I am currently taking a short course on p-adic geometry, and coming up with the following exercise:

Exercise: Let $f: A \rightarrow B$ be a ring homomorphism of rings of characteristic $p>0$. It induces a homomorphism $$ f^{\mathrm{perf}}: A^{\mathrm{perf}} \rightarrow B^{\mathrm{perf}}. $$ Then

• $f^{\mathrm{perf}}$ is injective if and only if $\bigcap_{n} (\ker f)^{p^n} = 0$.
• $f^{\mathrm{perf}}$ is surjective if and only if $\mathrm{im}(f)[\mathrm{perf}] = B[\mathrm{perf}]$, where for a ring $R$ of char $p>0$, $R[\mathrm{perf}]$ is the set of perfect elements in $R$, that is, elements with arbitrary $p$-power roots.

I can figure out the first conclusion by straightforward definitions. But I am getting stuck on the if direction of the surjectivity, i.e. the direction to show the surjectivity of $f^{\mathrm{perf}}$.

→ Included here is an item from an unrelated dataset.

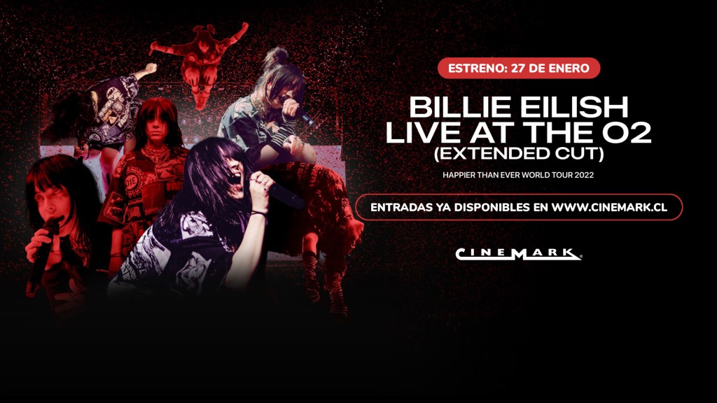 Cinemark Chile inició preventa y con esto se suma, el viernes 27 de enero 2023, a la exhibición de «Billie Eilish: Live At The O2 (Extended Cut)«, dirigido por Sam Wrench, así lo anunció Cinemark Chile a través de la red social Instagram @CinemarkChile.

My attempts: Let $b=(b_0, \ldots) \in B^{\mathrm{perf}}$, then I am hoping to find an $a = (a_0, \ldots) \in A^{\mathrm{perf}}$ that maps to $b$.

As $b_0$ is a perfect element in $B$ (with arbitrary $p^{n}$-th power root $b_n$), by assumption $b_0$ lies in $\mathrm{im}(f)[\mathrm{perf}]$. Hence there exists $a_0, a_1, \ldots \in A$ such that $f(a_0) = b_0$ with $b_i^{\prime} = f(a_i)$ as a $p^n$-th power root of $b_0$. But then I got stuck on adjusting $a_i$ such that simultaneously

1. $(a_i) \in A^{\mathrm{perf}}$, and
2. $f(a_i) = b_i$.

Actually for (1), since $(b_i^{\prime})^{p^i} = b_0$, we see that $f(a_i^{p^i}) = f(a_0)$. To show $a_i^{p^i} = a_0$, it seems that we need some injectivity condition on $f$?

So I doubt whether the conclusion in the exercise is correct or not. I have read the post Isomorphism of the perfection of two ring, where the proof of the surjectivity part does rely on the nilpotency of $\ker f$.

And for (2), I am actually hoping to use the observation that not only $b_0 \in B[\mathrm{perf}]$, but every $b_i \in B[\mathrm{perf}]$ as well. So actually for each $i \geq 0$, we can do the same thing as above, and get $$ b_0= f(a_0^{(0)}), b_1^{(0)} = f(a_1^{(0)}), b_2^{(0)} = f(a_2^{(0)}), b_3^{(0)} = f(a_3^{(0)}), \ldots; $$ $$ b_0, b_1 = f(a_1^{(1)}), b_2^{(1)} = f(a_2^{(1)}), b_3^{(1)} = f(a_3^{(1)}), \ldots; $$ $$ b_0, b_1 , b_2, b_3^{(2)} = f(a_3^{(2)}), \ldots; \vdots $$ But it seems that this only complicates things, and I have no idea how to carry on.

So now I am getting stuck here. Thank you all for commenting and answering!

Answer 1

The criterion for surjectivity seems false as is. It implies in particular that $f^{perf}$ is onto whenever $f$ is.

But consider a surjection $f: A:=\mathbb{F}_p[T] \rightarrow F$, where $F \neq \mathbb{F}_p$ is a finite field. Then $A^{perf}=\mathbb{F}_p$, so that $f^{perf}$ cannot be surjective.